CHAPTER XIII
THAIR CONGRATULATES
FLORENCE sat down in the window-seat in the dusky hall. The diamond panes of milky glass let in a misty light. She drew the drapery of the dark curtains around her, the better to insure against interruption. The house was silent at that long hour of the afternoon when all the day’s processes seem to stand still, and heart and brain alike grow torpid. She waited, as still as her still surroundings, a piece with the dull curtain, until an opening door should reanimate her to living.
At the sound of an approaching step—was it an hour or a day she had kept her post?—she started nervously. Through the slightly parted curtains she watched the stair-turn anxiously. That long, dangling, masculine figure was at least not Mrs. Budd. She sighed relief. It was Thair. He came on with his elegant slouch, turning down the hall toward the window embrasure, stopped a moment on the threshold of the morning-room, looking in with a questing turn of his long neck, strolled on, craning at the alcove curtains.

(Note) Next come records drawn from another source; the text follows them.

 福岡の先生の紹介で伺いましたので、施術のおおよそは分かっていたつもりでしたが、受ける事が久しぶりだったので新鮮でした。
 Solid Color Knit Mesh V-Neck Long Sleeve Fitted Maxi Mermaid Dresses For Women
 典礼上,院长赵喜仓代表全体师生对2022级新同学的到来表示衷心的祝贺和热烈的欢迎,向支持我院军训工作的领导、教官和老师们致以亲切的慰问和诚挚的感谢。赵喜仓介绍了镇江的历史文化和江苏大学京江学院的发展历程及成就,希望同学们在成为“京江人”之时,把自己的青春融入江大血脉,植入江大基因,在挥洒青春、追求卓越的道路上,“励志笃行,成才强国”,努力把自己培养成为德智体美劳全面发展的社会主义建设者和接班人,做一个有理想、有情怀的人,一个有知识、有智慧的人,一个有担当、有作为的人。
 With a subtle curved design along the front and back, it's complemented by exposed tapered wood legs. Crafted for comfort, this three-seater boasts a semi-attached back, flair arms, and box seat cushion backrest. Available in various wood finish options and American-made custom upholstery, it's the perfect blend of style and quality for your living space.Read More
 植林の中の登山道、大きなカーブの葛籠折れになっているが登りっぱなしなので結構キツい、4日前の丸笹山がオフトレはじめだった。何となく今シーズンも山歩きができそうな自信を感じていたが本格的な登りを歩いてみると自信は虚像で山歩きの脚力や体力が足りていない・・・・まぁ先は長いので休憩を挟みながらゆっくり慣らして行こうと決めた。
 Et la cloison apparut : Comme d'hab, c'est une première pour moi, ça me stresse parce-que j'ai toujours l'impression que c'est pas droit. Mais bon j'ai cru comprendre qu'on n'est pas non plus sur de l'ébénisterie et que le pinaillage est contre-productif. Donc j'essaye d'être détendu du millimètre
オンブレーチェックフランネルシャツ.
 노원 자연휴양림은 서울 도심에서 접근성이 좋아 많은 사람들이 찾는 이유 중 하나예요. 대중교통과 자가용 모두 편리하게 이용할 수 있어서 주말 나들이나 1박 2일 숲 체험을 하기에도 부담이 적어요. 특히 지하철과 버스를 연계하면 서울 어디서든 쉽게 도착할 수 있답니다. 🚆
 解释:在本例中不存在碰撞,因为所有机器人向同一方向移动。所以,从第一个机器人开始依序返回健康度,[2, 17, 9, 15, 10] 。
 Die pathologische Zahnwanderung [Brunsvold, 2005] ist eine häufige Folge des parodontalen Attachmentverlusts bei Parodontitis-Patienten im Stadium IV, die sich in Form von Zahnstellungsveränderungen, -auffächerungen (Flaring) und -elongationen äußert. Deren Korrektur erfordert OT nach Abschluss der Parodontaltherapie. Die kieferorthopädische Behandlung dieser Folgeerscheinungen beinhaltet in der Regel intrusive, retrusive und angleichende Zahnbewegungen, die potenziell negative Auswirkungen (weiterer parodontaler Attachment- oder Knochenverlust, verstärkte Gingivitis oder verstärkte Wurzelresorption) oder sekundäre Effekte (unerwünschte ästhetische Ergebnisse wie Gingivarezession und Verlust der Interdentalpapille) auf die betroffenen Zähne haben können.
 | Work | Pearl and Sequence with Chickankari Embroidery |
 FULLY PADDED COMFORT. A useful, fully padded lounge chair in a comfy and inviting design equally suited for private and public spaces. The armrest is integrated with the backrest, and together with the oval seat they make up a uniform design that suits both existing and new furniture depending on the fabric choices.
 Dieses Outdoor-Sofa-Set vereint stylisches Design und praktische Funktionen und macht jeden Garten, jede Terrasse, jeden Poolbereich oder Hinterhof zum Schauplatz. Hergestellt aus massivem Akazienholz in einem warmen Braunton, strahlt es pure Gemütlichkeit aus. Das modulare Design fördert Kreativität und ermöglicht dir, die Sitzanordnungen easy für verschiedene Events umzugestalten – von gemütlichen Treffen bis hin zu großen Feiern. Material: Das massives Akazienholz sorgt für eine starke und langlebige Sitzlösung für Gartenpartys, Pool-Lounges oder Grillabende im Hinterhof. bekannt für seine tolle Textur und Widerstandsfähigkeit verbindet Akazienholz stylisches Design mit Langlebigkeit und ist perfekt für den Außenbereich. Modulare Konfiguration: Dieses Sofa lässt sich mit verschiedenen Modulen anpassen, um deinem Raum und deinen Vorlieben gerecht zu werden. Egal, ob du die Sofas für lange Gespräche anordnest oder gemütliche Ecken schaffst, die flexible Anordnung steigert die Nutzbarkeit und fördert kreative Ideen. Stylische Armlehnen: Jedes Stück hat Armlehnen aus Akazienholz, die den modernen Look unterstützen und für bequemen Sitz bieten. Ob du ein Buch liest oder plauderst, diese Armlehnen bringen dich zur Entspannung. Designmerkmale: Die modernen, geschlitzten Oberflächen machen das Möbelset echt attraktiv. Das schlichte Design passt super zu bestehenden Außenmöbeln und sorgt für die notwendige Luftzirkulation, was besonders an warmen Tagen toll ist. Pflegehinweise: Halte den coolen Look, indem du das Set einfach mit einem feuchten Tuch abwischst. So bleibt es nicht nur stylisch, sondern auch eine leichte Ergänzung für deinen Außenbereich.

Florence thrust them back. Evidently it was not she he was looking for. He was surprised, and something more, hardly curious, but a look that harked back to what had been revealed him on the terrace.
“I am,” he explained to her, “in search of the young madam.” He added with a considerative smile, “Our last ride together—if she has anything to say about it.”
Her face showed an odd mingling of distress and relief.
“But you will have to wait. She can’t be disturbed now.”
“Well”—he dawdled over it a minute—“but she will be disturbed. I’ll wait, of course; but will—Mrs. Budd?” He brought it out with the faintest embarrassment.
Florence looked at him, considering.